_What you will do:_
From the line containing "Трусът е бил" through the last line of the data, both ends included, write out every line exactly; omit the pictures.

_Data section:_
◆ ◆ ◆ ◆

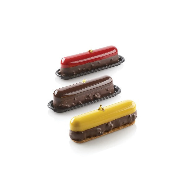 Set 10 Vassoi rettangolari 26x8 o 28,5x12 cm: vassoi in plastica neri riutilizzabile ed antigraffio, con area antiscivolo alti 7mm, di Silikomart. Ideali per esporre, trasportare e prelevare torte.
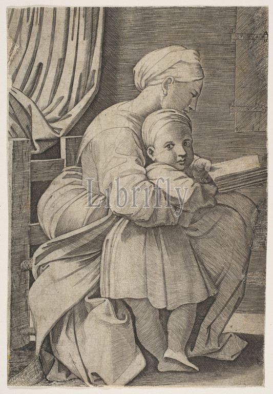 Virgin, profile facing right reading, infant Christ, ca, 1515–27, Engraving, Sheet, Trimmed, 7 7/16, 5 3/16, 18.9, 13.1 cm, Prints, Attributed to Marco Dente, Italian, Ravenna, active by, 1515–died, 1527, Rome, After Raphael, Raffaello Sanzio or Santi, Urbino, 1483–1520
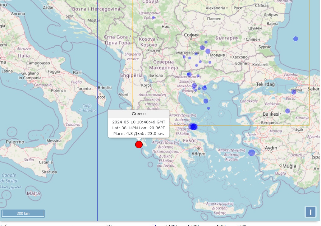 Трусът е бил с магнитуд 4,3 по Рихтер, на дълбочина от 23 километра. Станало е в 13:48 часа българско време край гръцкия остров Кефалония.
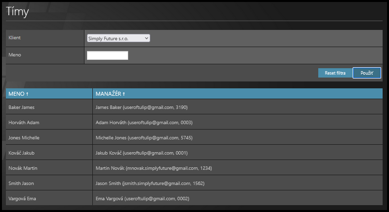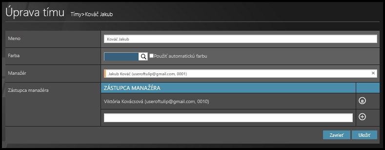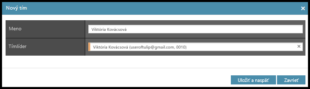 - Tímlíder – Vyberte meno.

◆ ◆ ◆ ◆

_Answer to this problem:_
 Трусът е бил с магнитуд 4,3 по Рихтер, на дълбочина от 23 километра. Станало е в 13:48 часа българско време край гръцкия остров Кефалония.
 - Tímlíder – Vyberte meno.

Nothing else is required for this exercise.